Pengalaman pertama kali ke Rumah Sakit Jiwa itu
sungguh membuka mataku lebar-lebar, melihat "mereka" berteriak-teriak
seakan meminta "dengarkanlah" membuat hatiku cukup merinding, dan ingin
sekali meneteskan air mata.
Aku mencoba memetik sebuah hikmah dari sebuah
perjalanan hidup, bahwa memang Tuhan ingin
aku menjadi manusia yang lebih baik, memang harus begitu jalannya
kehidupan, tergantung bagaimana aku menyikapi dan berjiwa besar. Taukah aku tak
pernah putus asa, walaupun aku sering dihadapkan pada rasa keputusasaan yang
begitu mendalam.
Miris ketika di desa banyak ibu-ibu ketika
melihat orang yang mereka sebut sakit jiwa berjalan sempoyongan didepan rumah mereka segera
menyuruh anak-anaknya masuk kedalam rumah dengan tatapan jijik, anak-anak kecil
itu mau tak mau belajar membenci seseorang yang bernama sakit jiwa atau wong
edan .
Padahal mereka sama sekali tidak menyerang, lalu
kenapa harus dirisaukan??
Tidak beda, ketika aku berbicara dengan beberapa
orang yang katanya intelek IPK diatas 3 koma , mahasiswa bimbingan dan
konseling yang katanya menerima individu secara utuh dan apa-adanya, ketika
mereka menyampaikan pandangannya tentang wong edan , mulailah dengan raut muka
yang tampak jijik bahkan lalu menggunakannya sebagai bahan olokan, sampai
disini aku sadar,sepertinya aku salah bertanya -_- #tepok jidat.

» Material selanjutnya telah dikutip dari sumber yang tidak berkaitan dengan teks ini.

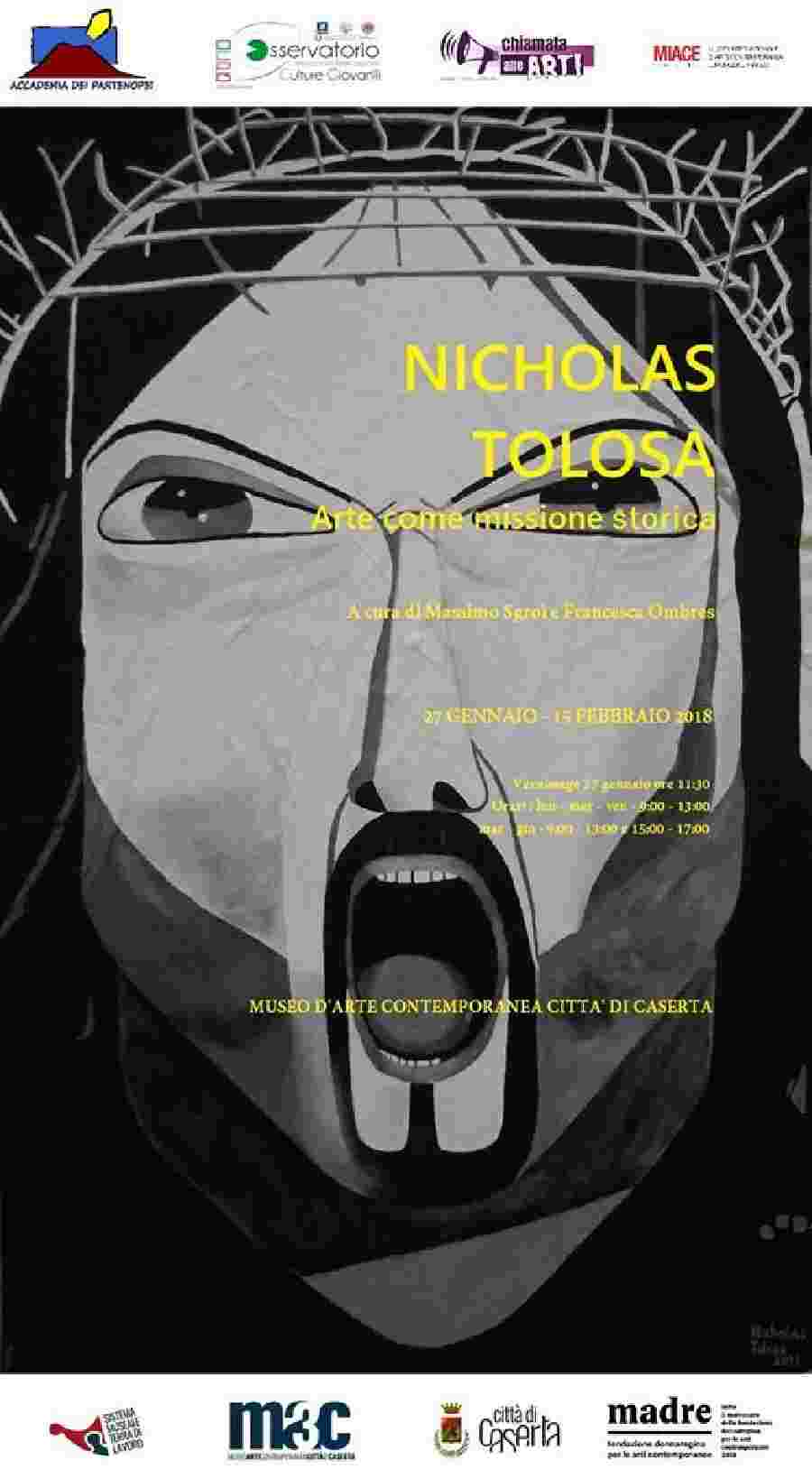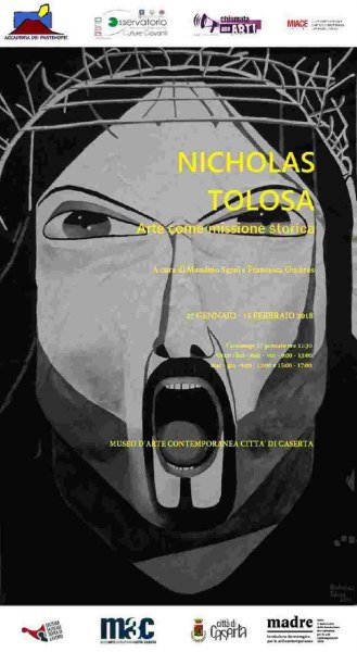 Sabato 27 Gennaio 2018, presso il Museo d’ Arte Contemporanea, città di Caserta, in Via Mazzini 16, si inaugura alle 11,30 una mostra personale d’Arte contemporanea di Nicholas Tolosa con il patrocinio morale del Comune di Caserta, sotto il Matronato della Fondazione Donnaregina per le arti contemporanee di Napoli e con il patrocinio dell’ Osservatorio Comunicazione Partecipazione Culture Giovanili (OCPG) dell’ Università di Salerno, del Museo MIACE di Castel Volturno (Ce) a cura di Massimo Sgroi e Francesca Ombres, intitolata: “Arte come missione storica”.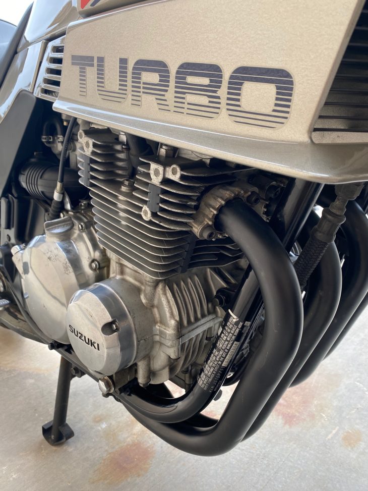 Suzuki’s XN85 Turbo was built for 1983 only, and combined moderate boost with mid-size 673cc displacement, stuck with air-oil cooling, but was pretty sporty with 85 hp, 16-inch front wheel, and Full Floater rear end. RSBFS reader Don’s example has just under 16,000 miles but looks better than excellent.

Coba pikirkan, memang cukup waraskah kita semua
membiarkan golongan mereka terbuang di tepi jalan tanpa sehelai kain? Waraskah
kita membiarkan mereka seperti hewan yang bahkan harus mengais tong sampah
untuk mendapatkan makanan? Lalu CUKUP waraskah kita untuk sekadar memberi
mereka sepasang pakaian, sebotol minuman, dan sekotak nasi? “Mana mau mereka
diminta berpakaian atau melahap makanan dari kita?” Pasti sebagian dari kalian
berpikir begitu bukan? Omong kosong.
Saya sadar, saya belum cukup waras dan belum
cukup bernurani untuk semua itu. Semua orang sakit jiwa dalam kadar yang
berbeda. Batasan antara yang disebut ‘orang gila’ dengan yang disebut ‘orang
waras’ hanyalah kesadaran. Yaa, kesadaran bahwa dia sakit jiwa. Orang gila itu
tidak ada, bukankah ‘orang gila’ hanyalah sebutan bagi mereka yang tidak sadar
bahwa dirinya sakit jiwa?
Syukurlah saya masih sadar bahwa saya memiliki
sisi jiwa yang sakit dan tidak ada manusia yang sempurna. Maka bukankah setiap
orang punya sisi sakit jiwa? Entahlah.